In order to understand the structural basis of multidrug binding and recognition, we have determined the structures of several multidrug binding transcription regulators, including QacR and BmrR. QacR is a repressor that controls the transcription of the Staphylococcus aureus qacA gene, which encodes a multidrug efflux transporter that pumps out quaternary ammonium compounds (qacs). The substrates of the pump are monovalent and bivalent cationic aromatic/aliphatic disinfectants, antibiotics and antiseptics. When the QacA pump is overwhelmed, its substrates enter the cytoplasm whereby they bind to QacR and act as inducers, thereby derepressing the qacA gene and ultimately leading to more copies of the efflux pump. The structural mechanism of such “polyspecificity” that QacR utilizes to recognize these chemically and structurally dissimilar inducers will be described. Briefly, the multidrug binding pocket can be described as a larger pocket composed of several “minipockets”.

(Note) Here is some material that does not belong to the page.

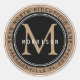 Sticker Rond Adresse, Monogramme dans un Burlap noir et tan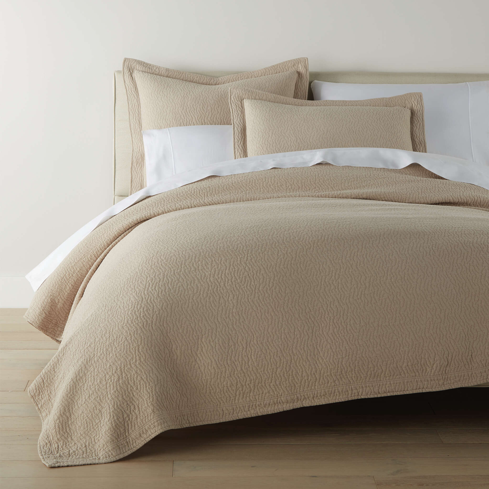 The Mia coverlet is exquisitely crafted in Portugal to bring a touch of European elegance to your bedroom. Immerse yourself in the sublime softness of stonewashed fabric, offering a cozy and inviting layer for a restful night's sleep. Choose from three versatile neutral colors, each exuding a timeless charm that effortlessly complements any decor style.

As might be anticipated, the multidrug binding pocket is lined with negatively charged residues, which play some role in neutralization of the cationic drug. However, that role is not as cardinal as might be expected. What is clear is the abundance of aromatic residues in the binding pocket and their role in drug binding will be described. Moreover, the multidrug binding mechanism of QacR will be compared and contrasted with that of BmrR, an activator of the bmr gene, which encodes a multidrug efflux transporter in Bacillus subtilis. Unlike QacR, BmrR appears to be more limited in the class of drugs that it binds, i.e., BmrR binds only aromatic/aliphatic monovalent cations. Regardless of the differences between QacR and BmrR and between QacR and other multi xenobiotic binding transcription factors, for which structural data are available, similar structural and chemical principles are employed by each of these multidrug binding proteins and will be described.